__ASSIGNMENT__:
Transcribe only the lines in the data below falling between the line with "With ray tracing" and the line with "#256 Corazón elaborado", including those two lines, and leave out any picture.
** SOURCE DATA follows **
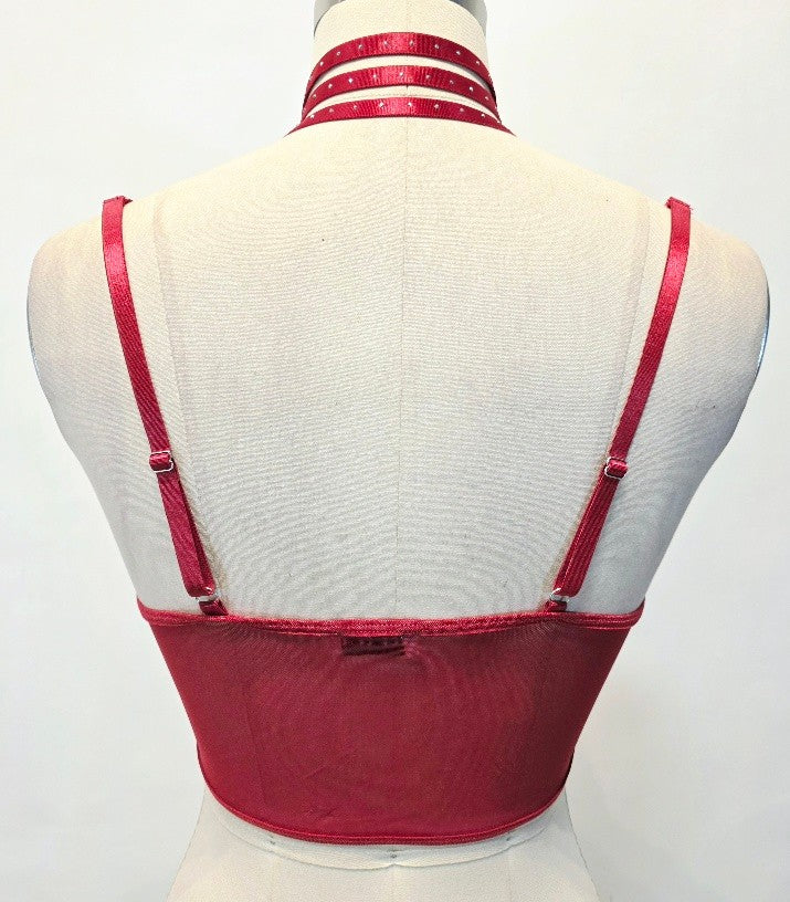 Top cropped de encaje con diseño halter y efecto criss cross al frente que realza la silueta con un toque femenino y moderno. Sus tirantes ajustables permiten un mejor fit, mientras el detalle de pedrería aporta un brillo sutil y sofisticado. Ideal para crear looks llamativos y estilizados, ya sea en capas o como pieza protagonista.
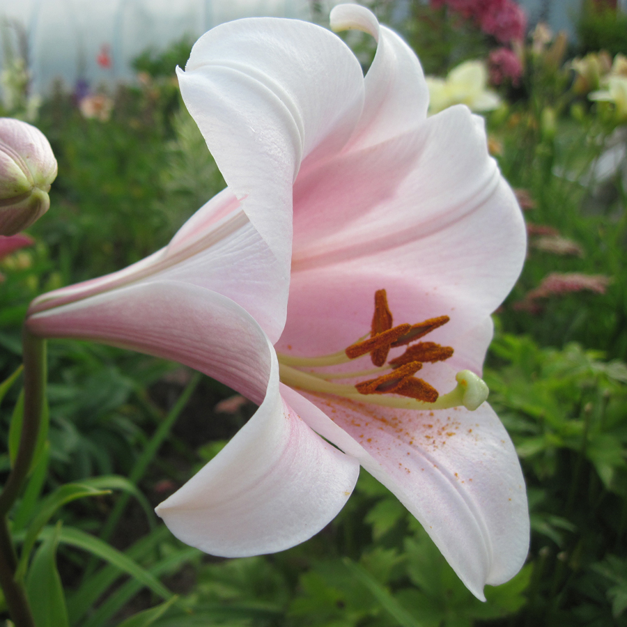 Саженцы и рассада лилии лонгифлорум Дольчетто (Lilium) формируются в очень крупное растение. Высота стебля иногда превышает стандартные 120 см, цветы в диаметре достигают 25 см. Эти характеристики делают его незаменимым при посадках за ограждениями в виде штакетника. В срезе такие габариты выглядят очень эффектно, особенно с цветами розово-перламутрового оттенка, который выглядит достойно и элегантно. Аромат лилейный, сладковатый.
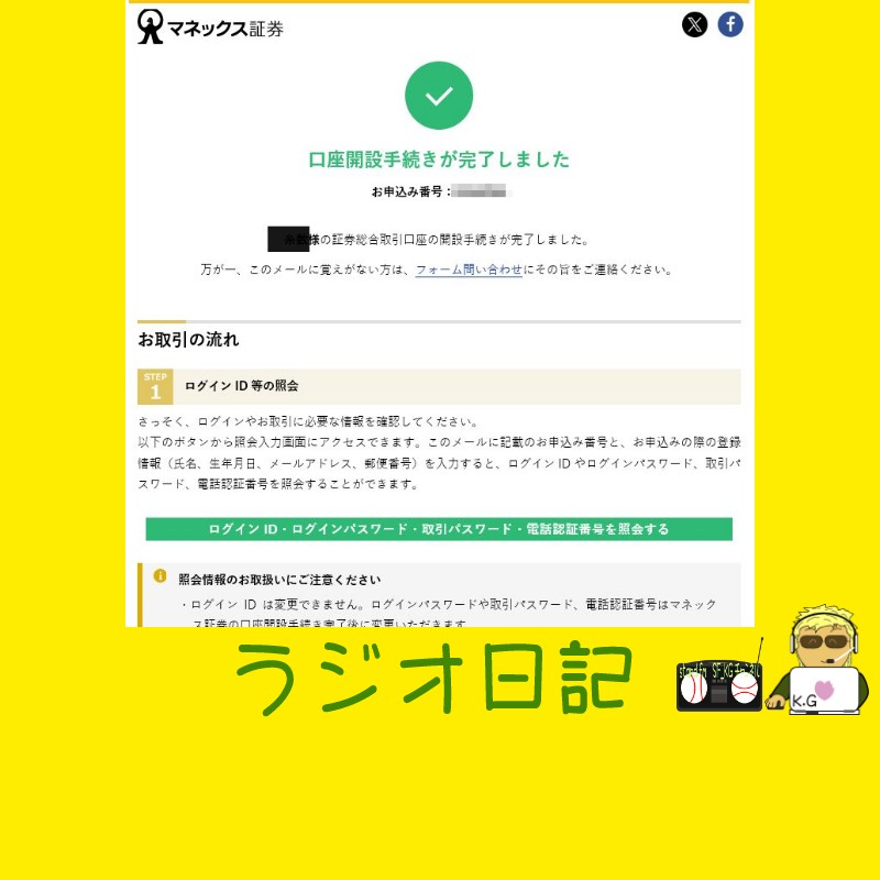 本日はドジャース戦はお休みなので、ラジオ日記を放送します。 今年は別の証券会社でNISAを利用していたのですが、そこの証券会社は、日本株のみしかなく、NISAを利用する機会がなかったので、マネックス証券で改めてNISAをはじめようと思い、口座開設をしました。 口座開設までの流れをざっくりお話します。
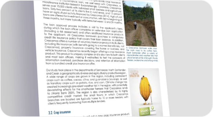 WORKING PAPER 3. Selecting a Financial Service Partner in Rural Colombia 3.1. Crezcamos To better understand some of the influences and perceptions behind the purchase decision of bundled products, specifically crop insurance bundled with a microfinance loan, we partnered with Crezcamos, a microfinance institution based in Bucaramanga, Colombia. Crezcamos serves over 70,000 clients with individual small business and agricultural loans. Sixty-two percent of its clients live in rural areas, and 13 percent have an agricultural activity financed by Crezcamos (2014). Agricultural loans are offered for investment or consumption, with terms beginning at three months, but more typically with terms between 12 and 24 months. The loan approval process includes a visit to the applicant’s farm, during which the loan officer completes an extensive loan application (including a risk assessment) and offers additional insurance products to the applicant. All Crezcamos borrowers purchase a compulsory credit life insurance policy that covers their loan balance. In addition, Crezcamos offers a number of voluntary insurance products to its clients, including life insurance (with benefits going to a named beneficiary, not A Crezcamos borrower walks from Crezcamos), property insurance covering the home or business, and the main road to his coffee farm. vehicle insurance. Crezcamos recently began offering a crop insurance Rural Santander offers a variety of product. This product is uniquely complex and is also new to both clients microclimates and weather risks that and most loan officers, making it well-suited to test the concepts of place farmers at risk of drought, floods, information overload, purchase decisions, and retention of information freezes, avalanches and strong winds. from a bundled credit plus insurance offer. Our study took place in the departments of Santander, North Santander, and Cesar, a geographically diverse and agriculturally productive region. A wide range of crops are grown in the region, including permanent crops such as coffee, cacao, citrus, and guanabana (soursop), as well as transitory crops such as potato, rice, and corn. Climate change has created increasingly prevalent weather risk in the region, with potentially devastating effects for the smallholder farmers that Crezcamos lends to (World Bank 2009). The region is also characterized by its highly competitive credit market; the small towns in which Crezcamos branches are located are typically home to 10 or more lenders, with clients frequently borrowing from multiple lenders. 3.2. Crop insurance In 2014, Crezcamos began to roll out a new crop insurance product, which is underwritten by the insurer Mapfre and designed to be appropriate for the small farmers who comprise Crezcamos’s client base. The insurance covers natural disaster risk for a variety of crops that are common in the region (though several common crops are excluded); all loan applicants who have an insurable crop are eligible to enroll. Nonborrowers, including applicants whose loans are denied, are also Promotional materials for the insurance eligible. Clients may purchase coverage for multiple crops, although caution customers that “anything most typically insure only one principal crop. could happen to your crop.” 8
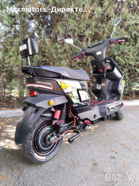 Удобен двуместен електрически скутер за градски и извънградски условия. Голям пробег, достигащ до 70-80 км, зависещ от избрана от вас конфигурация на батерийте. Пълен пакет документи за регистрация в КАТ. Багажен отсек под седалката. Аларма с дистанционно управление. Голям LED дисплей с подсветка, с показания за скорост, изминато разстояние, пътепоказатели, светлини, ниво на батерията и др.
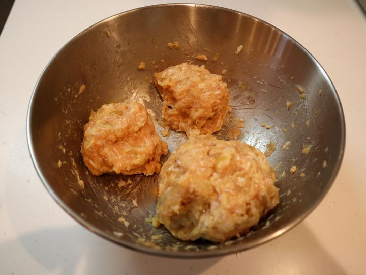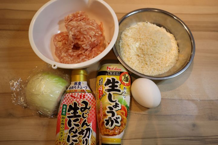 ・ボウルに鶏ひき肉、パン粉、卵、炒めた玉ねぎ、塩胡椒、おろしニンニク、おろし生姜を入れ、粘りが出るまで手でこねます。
** End of SOURCE DATA **
** SOURCE DATA follows **
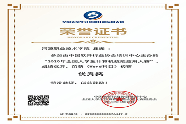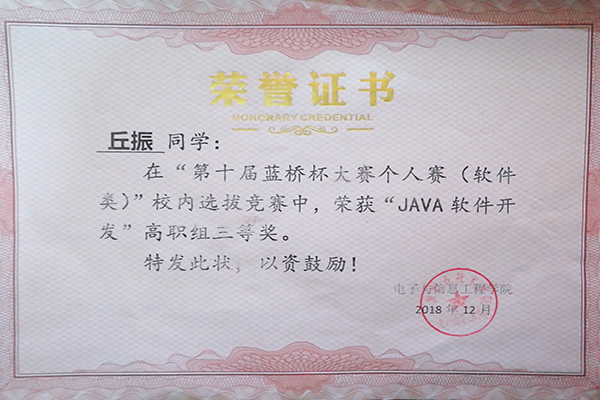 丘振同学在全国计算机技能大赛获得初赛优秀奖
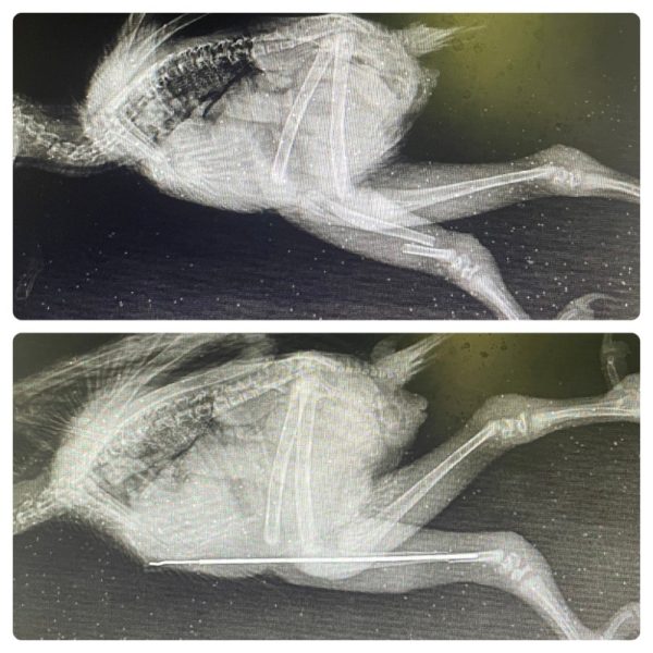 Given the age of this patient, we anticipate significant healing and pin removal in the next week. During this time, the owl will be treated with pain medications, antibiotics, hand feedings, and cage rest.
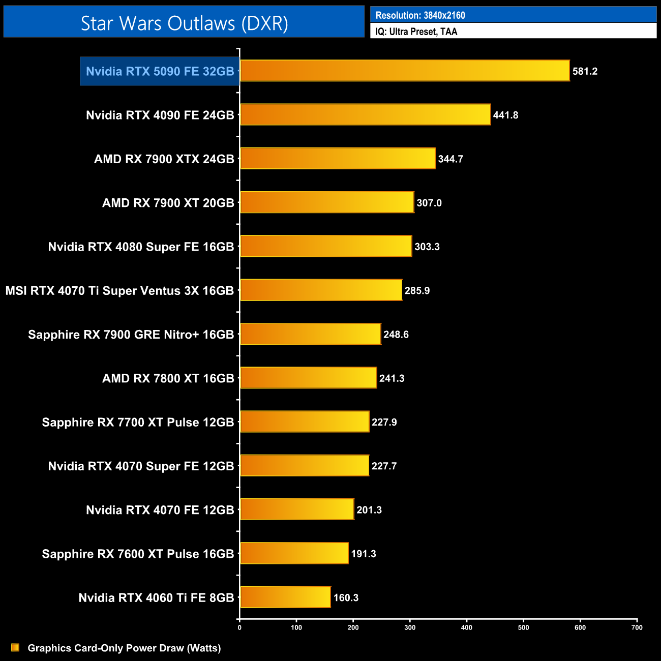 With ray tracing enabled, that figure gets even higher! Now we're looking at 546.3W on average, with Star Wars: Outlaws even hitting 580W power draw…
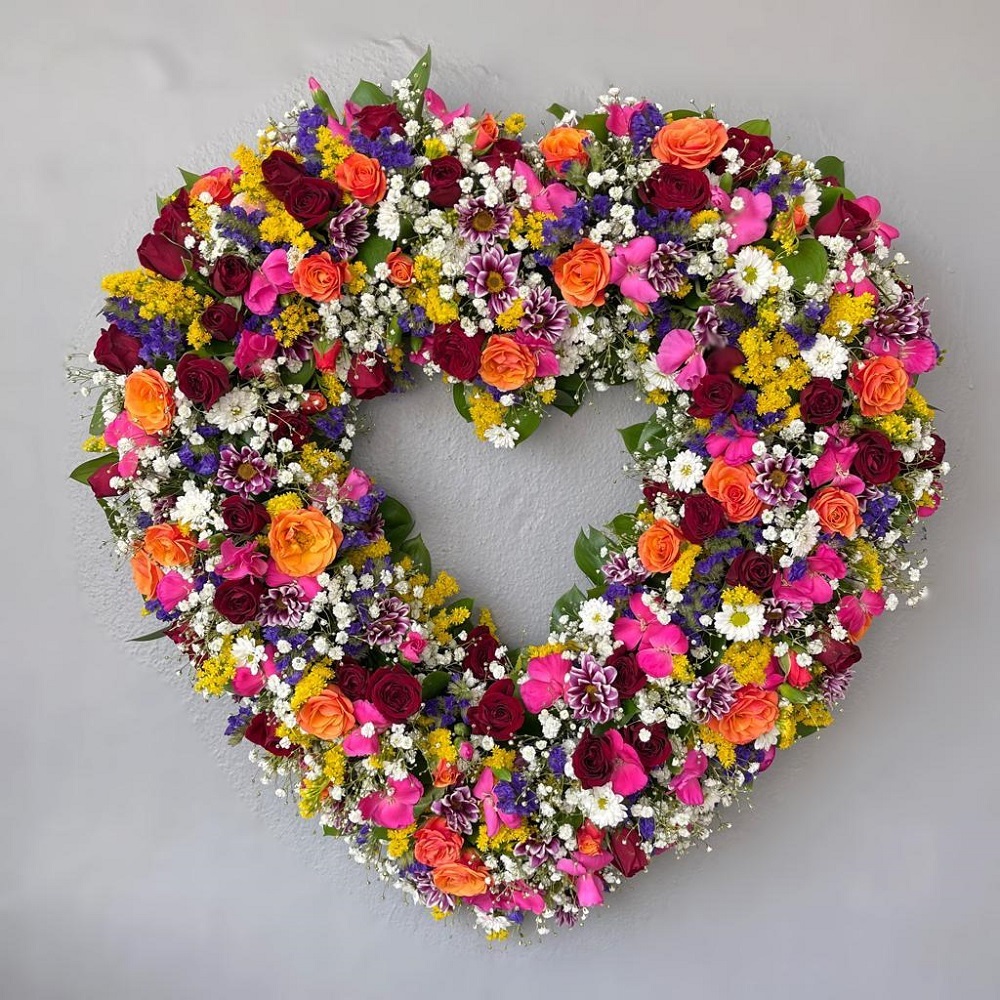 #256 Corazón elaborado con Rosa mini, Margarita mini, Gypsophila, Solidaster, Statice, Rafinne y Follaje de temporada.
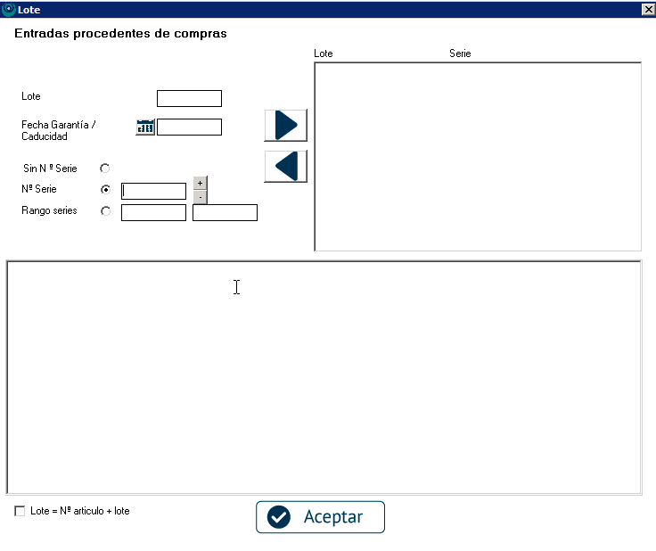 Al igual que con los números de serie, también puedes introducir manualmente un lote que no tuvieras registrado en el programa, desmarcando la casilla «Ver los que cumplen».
** End of SOURCE DATA **
** SOURCE DATA follows **
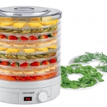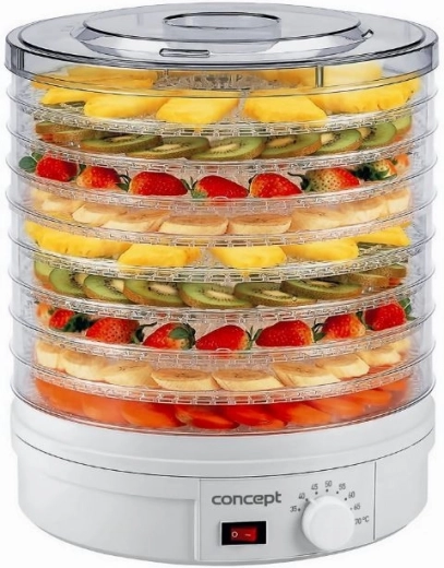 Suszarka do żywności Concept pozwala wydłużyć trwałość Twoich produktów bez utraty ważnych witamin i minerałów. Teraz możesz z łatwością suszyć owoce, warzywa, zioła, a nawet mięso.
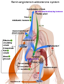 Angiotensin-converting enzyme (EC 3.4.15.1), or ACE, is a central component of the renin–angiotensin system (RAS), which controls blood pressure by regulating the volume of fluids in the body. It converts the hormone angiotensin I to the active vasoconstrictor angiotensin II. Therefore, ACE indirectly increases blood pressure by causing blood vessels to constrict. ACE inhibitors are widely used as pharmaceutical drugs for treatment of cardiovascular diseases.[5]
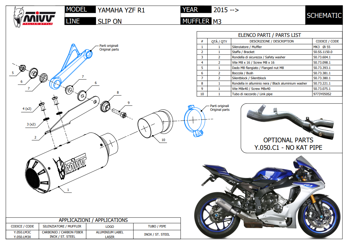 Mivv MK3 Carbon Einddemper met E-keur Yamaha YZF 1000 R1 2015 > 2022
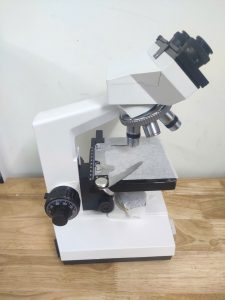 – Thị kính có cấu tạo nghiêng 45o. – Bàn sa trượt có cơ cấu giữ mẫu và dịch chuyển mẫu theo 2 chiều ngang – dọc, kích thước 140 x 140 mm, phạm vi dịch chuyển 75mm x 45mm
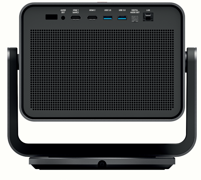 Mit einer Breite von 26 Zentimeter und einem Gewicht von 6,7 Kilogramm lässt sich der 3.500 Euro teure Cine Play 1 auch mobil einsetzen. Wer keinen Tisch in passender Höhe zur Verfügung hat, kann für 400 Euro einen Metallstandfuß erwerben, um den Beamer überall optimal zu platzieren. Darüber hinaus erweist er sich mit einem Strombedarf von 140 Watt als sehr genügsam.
** End of SOURCE DATA **
__SOLUTION TO THIS PROBLEM__:
 With ray tracing enabled, that figure gets even higher! Now we're looking at 546.3W on average, with Star Wars: Outlaws even hitting 580W power draw…
 #256 Corazón elaborado con Rosa mini, Margarita mini, Gypsophila, Solidaster, Statice, Rafinne y Follaje de temporada.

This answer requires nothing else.